By this time we'd been out there for hours. I was nervous about how things were going, I was now on my own and I was FREEZING. I decided to run off course and go into a Dollar Store. I was hoping to buy a blanket or something I was just so cold. Well, the store was heavenly warm, and then I found fleece gloves. There were five people on line and the wait was annoying but I wasn't winning anyway, so I waited. The gloves truly made a difference.  So I guess this might've been 17.5 miles in or so. It was starting to get dark and I still had at least 8 miles to go. I figured I could drag my ass, freeze to death and be miserable or just put my head down, make the best of things and push. I hadn't come to New York to not give it my best!

So, I pulled out my music (Before even starting the race I only had 16% battery so I had kept it on airplane mode the whole race - I pulled it out and thought to myself, "well, I will get at least a little music out of this. If I'm lucky a song or two." By some miracle it hung onto 16% battery until the end of the race so I had music when I needed it!)

It was tough and I was slow but from miles 17.5 - 22 or 23 I pretty much ran and felt a new sense of purpose in the race. I listened to T-Swift's "Welcome to New York" a few times and "Raise You Up" from Kinky Boots which always puts me in a good mood. I was physically hurting and it was hard but I was determined. I repeated mantras, I told myself, "this might be hard but Autism is harder" I told myself that, "this is supposed to be hard - that's why you get a medal" and I thanked the universe and God for giving me the strength, the body, the legs and the courage to carry me to the finish line. Even though I struggled, I was proud of myself for moving forward.  I made a commitment to myself to get to that finish line even if it took me all night.

A big part of what really kept me going out there was all of you. I knew that so many of my friends and family not only supported me and autism to get there but I knew you guys were tracking me. From my parents, hubby and sister to my From Fat to Finish Line and Weight Watcher's families I knew I was supported.
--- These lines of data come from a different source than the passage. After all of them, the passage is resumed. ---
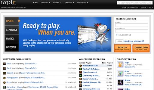 Raptr is a Silicon Valley based startup that has built a revolutionary social games platform to change the way people play and discover games they like and share their gaming experiences with friends. Raptr makes gaming more fun and social by automatically sharing your gaming achievements and stats with friends while putting an end to the frustrating process of finding and downloading game patches and updates.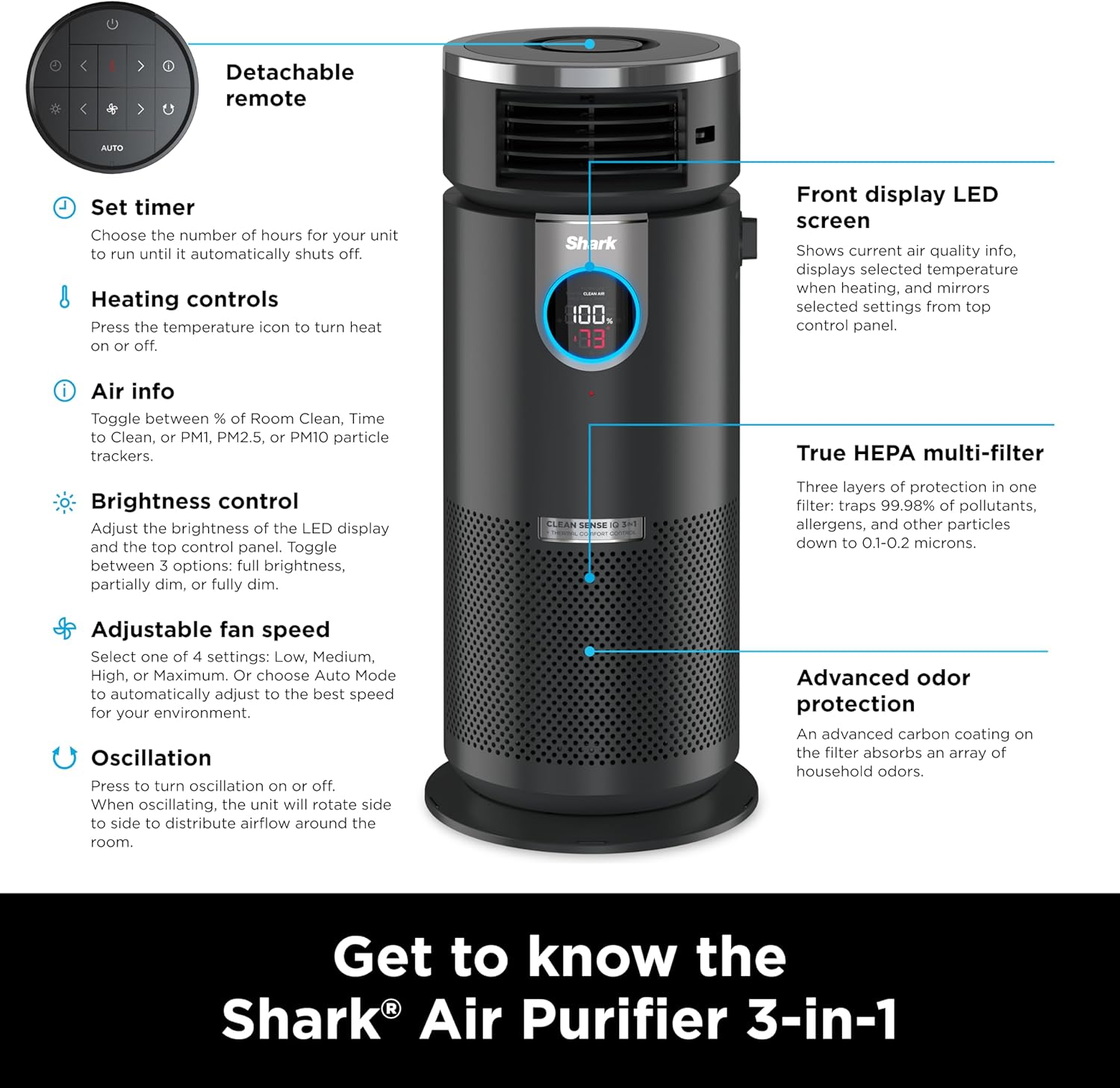 - WHAT'S INCLUDED: Shark Air Purifier 3in1 & Nanoseal HEPA Filter.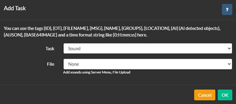 Agent DVR 작업의 Then 필드에 있는 태그를 사용하여 동적 응답을 생성할 수 있습니다. 일부 태그는 컨텍스트에 따라 다르다는 점을 유의해야 합니다. 예를 들어, {FILENAME}은 경고 이벤트에는 사용할 수 없으며, {AI}는 AI 서버에서 생성된 이벤트가 아닌 경우에는 사용할 수 없습니다.

I thought of you guys looking at that app and seeing me cross miles and rooting me on from home.

There were some great spectators still on the course and hearing my name and encouragement also kept me going.

Finally, I was in the last mile and coming close to the finish line. I had done it. Once again, I became emotional as I approached the finish. It took 7 hours and 22 minutes. I arrived at the start line in the dark and I was finishing, once again, in the dark. I was so tired, so sore, but so proud.


You would think it would end there - huh? Well. After crossing the finish line - I still had to walk a good 3/4th of a mile to get my cape and get out of the park. It was then a journey across town by cab (got out when we weren't moving and I began cramping) subway and NJ train home. The NJ train home was a shit show of people! Gimme a break! lol - There was a lot of post-marathon walking. I really missed not wearing my fitbit that day! Ha.



Anyway so that was that. NYC Marathon 2016 in the books. While I swore in the weeks leading up to the race and during every minute of the race, that I would never do another full marathon again -- well. Let's just say never, say never. For now I'm sitting on my hands so I don't enter the 2017 lottery but that's all I can promise to for now.

Thank you for your love and support - without you, I would never get to the finish line.